[Assignment] For each record below, set it down exactly but leave out any picture.

::::::::

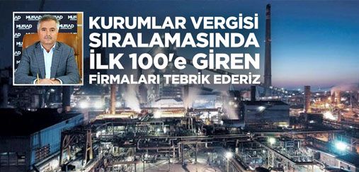 KURUMLAR VERGİSİ SIRALAMASINDA İLK 100’e GİREN FİRMALARI TEBRİK EDERİZ
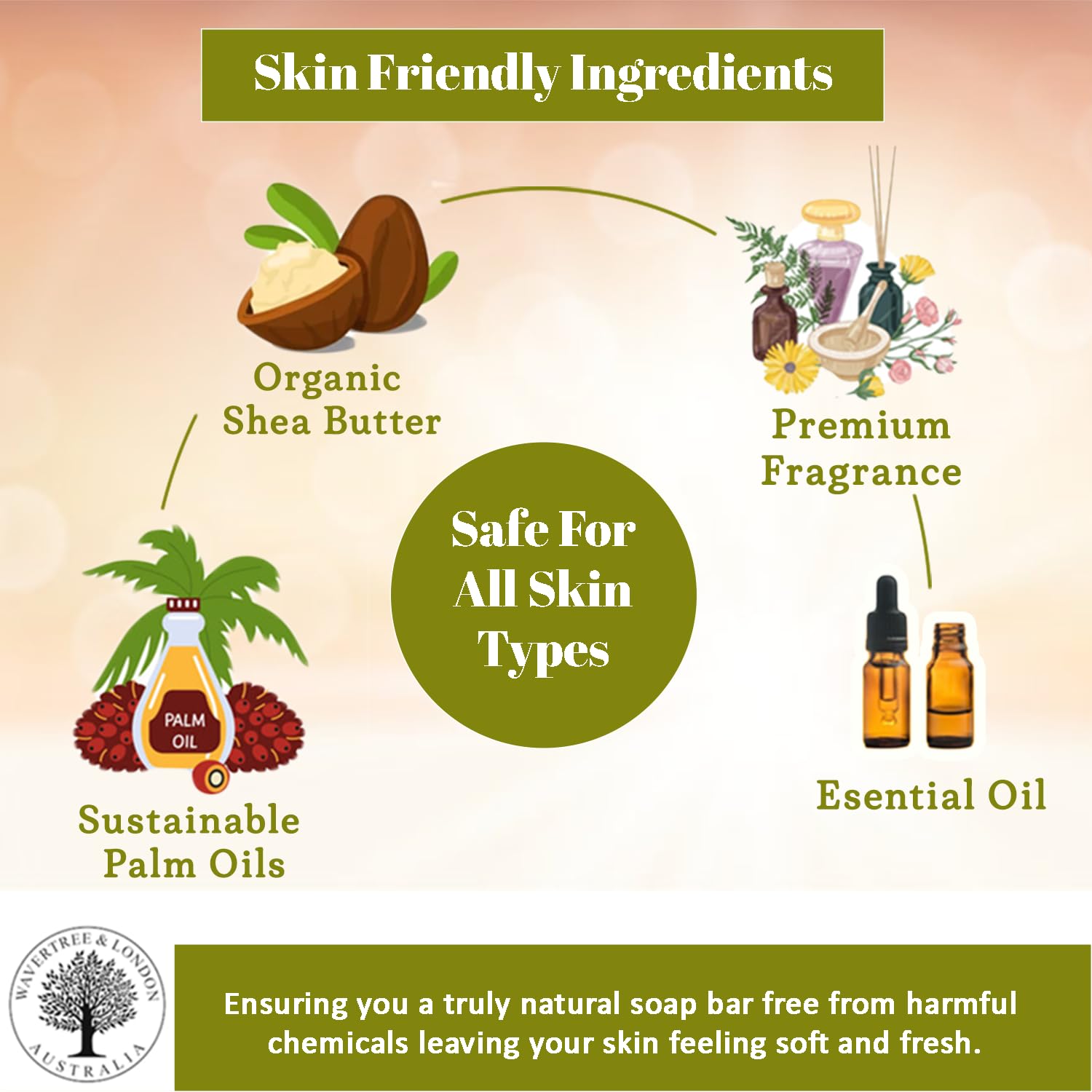 - 📋 Ingredients: Sustainable Palm oil, Palm Kernel Oil, Aqua (water), Certified Organic Shea Butter, Vegetable Glycerin, Essential Oils and/or Fragrance, Sodium Gluconate (natural sugar-based preservative), Sodium Chloride, Titanium Dioxide (food grade)
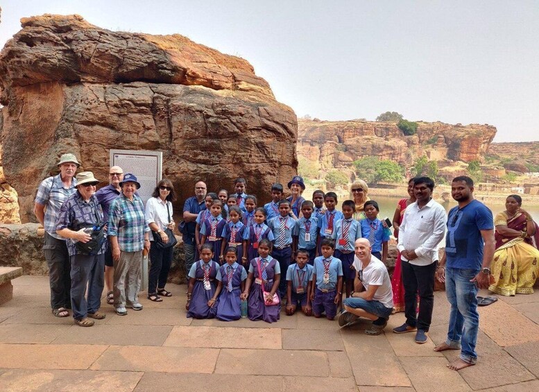 At 8AM we drive out of Hampi for 3 hours to the erstwhile capital of the Chalukya Kings, Badami. Located in a ravine at the foot of red sandstone hills Badami looks mesmerising surrounded by the Agastya lake. The cave temples are made of made of red sandstone and feature a hall with numerous pillars and a square shaped sanctum. Paintings cover the ceiling. A must look out is the pose of Lord Shiva and his consort Parvathi with a coiled serpent. An 18 armed lord Nataraja in 81 dancing poses is the other item of interest. Badami is also famous for its inscriptions. An important inscription to look out for would be the first Sanskrit inscription in old Kannada script, on a hillock dating back to 543 CE.
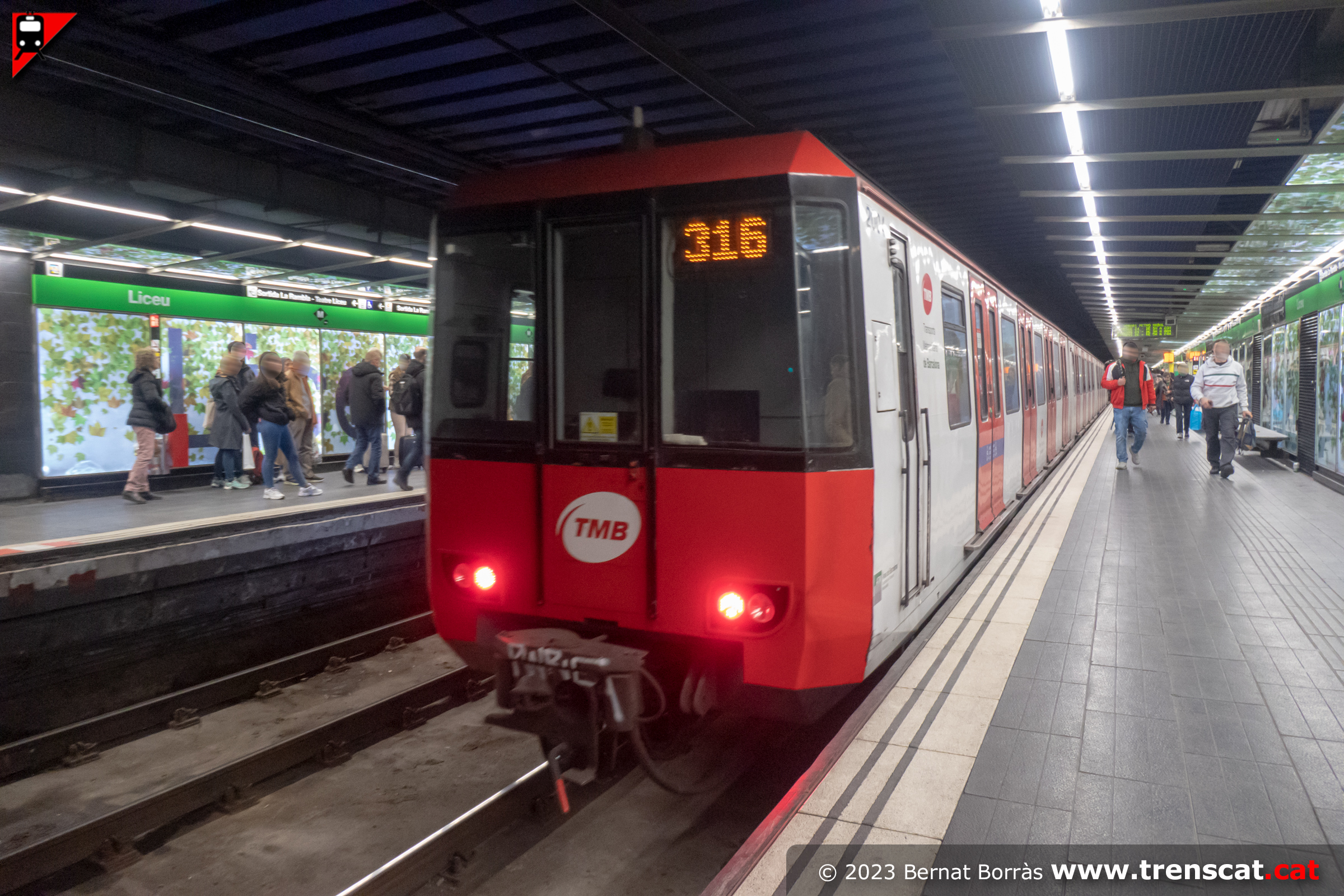 La 3028-R3307-3027+3026-3025 a Liceu (desembre 2023) |
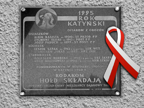Samorząd gminny wraz z Parafią NMP Szkaplerznej w Dąbrowie Tarnowskiej i Szkołą Podstawową nr 3 w Dąbrowie Tarnowskiej zapraszają mieszkańców na uroczysty apel z okazji Dnia Pamięci Ofiar Zbrodni Katyńskiej. Apel odbędzie się 17 kwietnia br. (tj. poniedziałek) o godz. 11:00 przed Tablicą Katyńską umieszczoną na ścianie Kaplicy Cmentarnej przy ul. Św. B. A. Chmielowskiego.

::::::::

[Your response]
 KURUMLAR VERGİSİ SIRALAMASINDA İLK 100’e GİREN FİRMALARI TEBRİK EDERİZ
 - 📋 Ingredients: Sustainable Palm oil, Palm Kernel Oil, Aqua (water), Certified Organic Shea Butter, Vegetable Glycerin, Essential Oils and/or Fragrance, Sodium Gluconate (natural sugar-based preservative), Sodium Chloride, Titanium Dioxide (food grade)
 At 8AM we drive out of Hampi for 3 hours to the erstwhile capital of the Chalukya Kings, Badami. Located in a ravine at the foot of red sandstone hills Badami looks mesmerising surrounded by the Agastya lake. The cave temples are made of made of red sandstone and feature a hall with numerous pillars and a square shaped sanctum. Paintings cover the ceiling. A must look out is the pose of Lord Shiva and his consort Parvathi with a coiled serpent. An 18 armed lord Nataraja in 81 dancing poses is the other item of interest. Badami is also famous for its inscriptions. An important inscription to look out for would be the first Sanskrit inscription in old Kannada script, on a hillock dating back to 543 CE.
 La 3028-R3307-3027+3026-3025 a Liceu (desembre 2023) |
Samorząd gminny wraz z Parafią NMP Szkaplerznej w Dąbrowie Tarnowskiej i Szkołą Podstawową nr 3 w Dąbrowie Tarnowskiej zapraszają mieszkańców na uroczysty apel z okazji Dnia Pamięci Ofiar Zbrodni Katyńskiej. Apel odbędzie się 17 kwietnia br. (tj. poniedziałek) o godz. 11:00 przed Tablicą Katyńską umieszczoną na ścianie Kaplicy Cmentarnej przy ul. Św. B. A. Chmielowskiego.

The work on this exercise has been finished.